I don’t remember much more of the hospital except how agonising it was not to have a bed, and the waves of sickening terror that Mao was dead. A nurse finally helped me lie down and while pulling a blanket over me I whispered a thankyou so feeble and broken like I was taking my last breath.
The next morning I was still alive and while Sydney had no more information for me I went to the airport. They confirmed that Mao had still not arrived, even though they had expected him the day before. Now it’s Sunday, and Sunday night in Sydney. But the pet shippers were doing their best to contain the disaster and were putting in some double time along with their global airport contacts. First they were able to confirm that Mao had left KL on a flight to Amsterdam. But nothing else. And there was a problem. If he arrived in Amsterdam they would stop him there and “process” him, as it would be his first entry into the European Union.
Good people, the Dutch. Several hours later they had located my cat, alive and well. He’d been out of his cage and was being patted and spoilt. But where, exactly, was he?
AT A PET RESORT.
LYING BESIDE THE POOL BEING FLUFFED BY SEXY SIAMESE SISTERS AND TOKING ON SPLIFFS WITH TABBIES, I BET.
WHILE I WAS DYING IN HOSPITAL.
He would be here tomorrow, then. But no! Tomorrow came and Mao didn’t. His paperwork, a vast volume of credentials about his health and vaccinations and destinations, had only been included in Portuguese and not English and certainly not Dutch! And to further complicate things it was now a public holiday in Australia and nothing could be done.
So I drove home and built a kitchen from old wine crates. That night they were able to say that they had found someone in Holland to translate the documents and that he’d be ready to fly on Tuesday. Cargo space pending…

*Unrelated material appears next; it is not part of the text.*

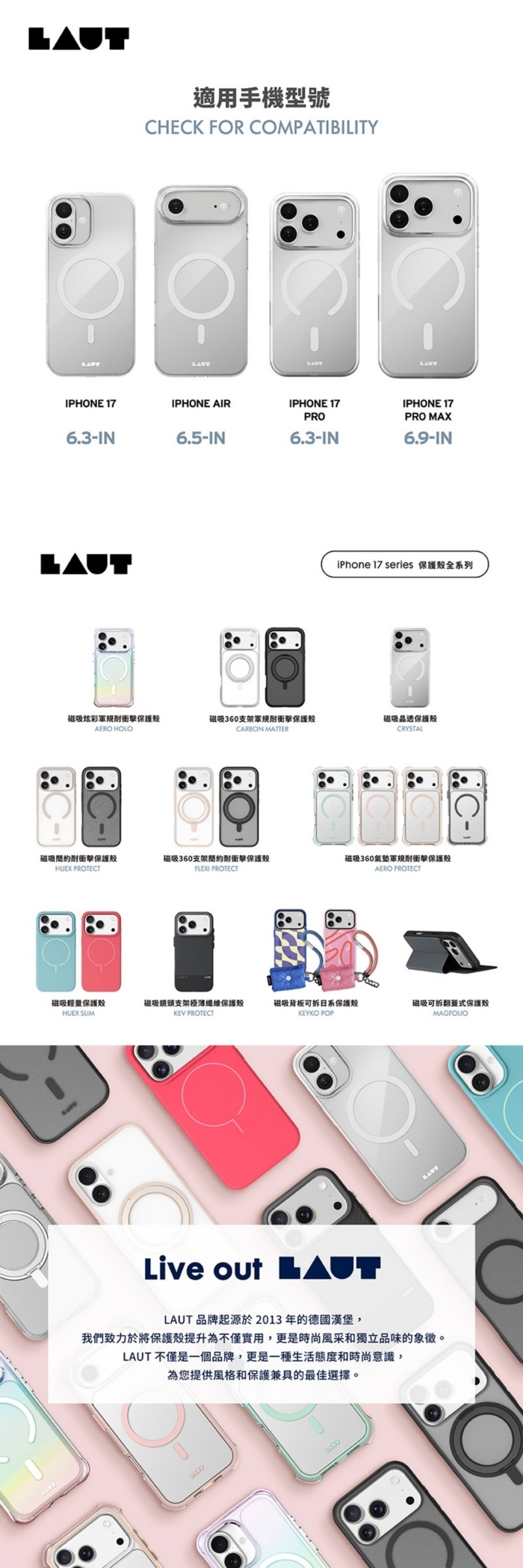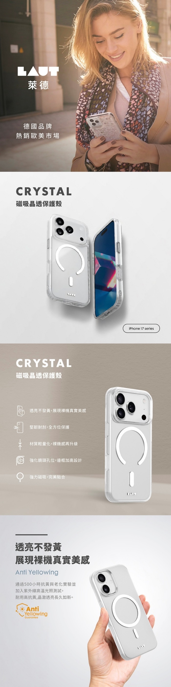 • 透明 LAUT 萊德 iPhone17Air磁吸晶透保護殼 (支援MagSafe 手機殼)

Back I went to the airport and several hours of to-ing and fro-ing and he was coming and he wasn’t coming, and he’d landed and was fine and he had landed and there was something wrong! And they’d sent him back to the vet!

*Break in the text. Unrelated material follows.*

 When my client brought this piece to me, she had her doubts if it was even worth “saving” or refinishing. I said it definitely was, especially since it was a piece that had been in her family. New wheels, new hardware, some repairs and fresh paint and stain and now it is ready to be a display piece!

Wait. Wait. Wait. A very nervous young woman approaches me. Ele… não tem dentes? Yes, he has no teeth! I tell her, much to her relief. Mao has no teeth, and that’s OK.
The blokes in the cargo pickup queue were mighty curious about what a girl was doing in their queue and all the attention she was getting from the airport staff. So curious in fact, when my crate finally arrived they all gathered around it. I was so nervous I almost chucked again. I very carefully opened the cage door and put my hand inside…
and Mao was purring. Purring madly. It had been a great voyage!